Il Prof. Ing. Nicolella dell’Università di Pisa ha presentato le problematiche relative alla progettazione ed alla realizzazione di un intestino artificiale, atto a simulare il funzionamento di un intestino umano reale. Modelli come questo possono significativamente contribuire a ridurre o eliminare l’uso di sperimentazione animale per la validazione di nuovi prodotti o trattamenti terapeutici. Durante la presentazione sono stati descritti lo sviluppo e le prestazioni di un modello sperimentale dell’intestino umano, costituito da tre comparti ciascuno caratterizzato da condizioni (pH, temperatura, tempo di permanenza) caratteristici di specifici tratti dell’intestino crasso.

Infine, il Prof. Rizzuti dell’Università di Palermo ha spiegato il funzionamento dei modelli matematici, illustrando alcuni tra gli innumerevoli dati di letteratura pubblicati a riguardo in ambito biomedico. L’intervento ha sottolineato, inoltre, i limiti dei modelli matematici, costituiti fondamentalmente dalla difficoltà di validazione sperimentale, ricordando però che, una volta validato, un modello matematico presenta l’enorme vantaggio di poter simulare in tempi rapidissimi ed accurati gli effetti dell’oggetto di studio. Per superare il limite della validazione sperimentale è stato proposto un approccio pseudo-sperimentale, basato sul metodo “Montecarlo”, metodologia già ampiamente impiegata nell’ambito della prevenzione dei disastri ambientali, nell’industria chimica e in ambito nucleare.

Conclusioni

La chiave dell’evento è stata l’interdisciplinarietà: ricercatori di fama internazionale provenienti da diversi settori, si sono messi a confronto, trovando come comune denominatore lo sviluppo di nuovi metodi atti a superare, per dirla con le parole del Prof. Buscema: “una volta per tutte, la metafora animale”.

La LAV si è resa protagonista di un evento scientifico probabilmente unico in Italia fino ad ora, facendo da ponte tra ricerca e istanze etico – animaliste, proponendo al mondo scientifico, per una volta, l’istanza etica di non utilizzare animali come strumenti di ricerca, non come un limite, bensì come spunto per una ricerca in cui non si debba scegliere tra scienza ed etica.

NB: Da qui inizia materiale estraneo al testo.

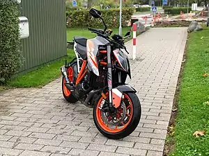 The KTM 1290 Super Duke R is a 1301 cc 75° V-twin engine, naked motorcycle from the Austrian manufacturer KTM. With the update in 2017 the motor is the most powerful LC8 engine ever built by KTM.[3][4]

I ricercatori che hanno presentato le proprie ricerche non erano impegnati nella lotta alla sperimentazione animale, ed hanno anzi appreso per la prima volta le problematiche relative a questo tema proprio grazie al congresso, dichiarandosi peraltro di essere lieti di avere avuto l’opportunità di analizzare il proprio lavoro di ricerca sotto una nuova prospettiva e di avere tratto spunti e punti di contatto con gli altri relatori per il futuro lavoro di ricerca.

Prospettive future

L’esperienza del congresso “Dal topo al mouse” è maturata come progetto pilota di un più ampio progetto formativo rivolto alle università italiane cui la Sede Territoriale di Palermo ha immediatamente risposto. Ora, dato il bilancio più che positivo, si vuole esportare il pacchetto in altre realtà, possibilmente con il supporto delle Sedi Territoriali coinvolte.

Il prof Catapano, con esperienza internazionale in ambito di organi bioartificiali, si è reso disposto a co - promuovere e sostenere un progetto di accesso a tessuti umani di scarto.

Il convegno è stata l’occasione di scoprire realtà italiane di ricerca biomedica con metodi non animali e quindi di “fare rete” , creando fruttuosi contatti utili per l’associazione. Alcuni relatori si sono spontaneamente dichiarati disponibili a partecipare ad altri eventi del genere.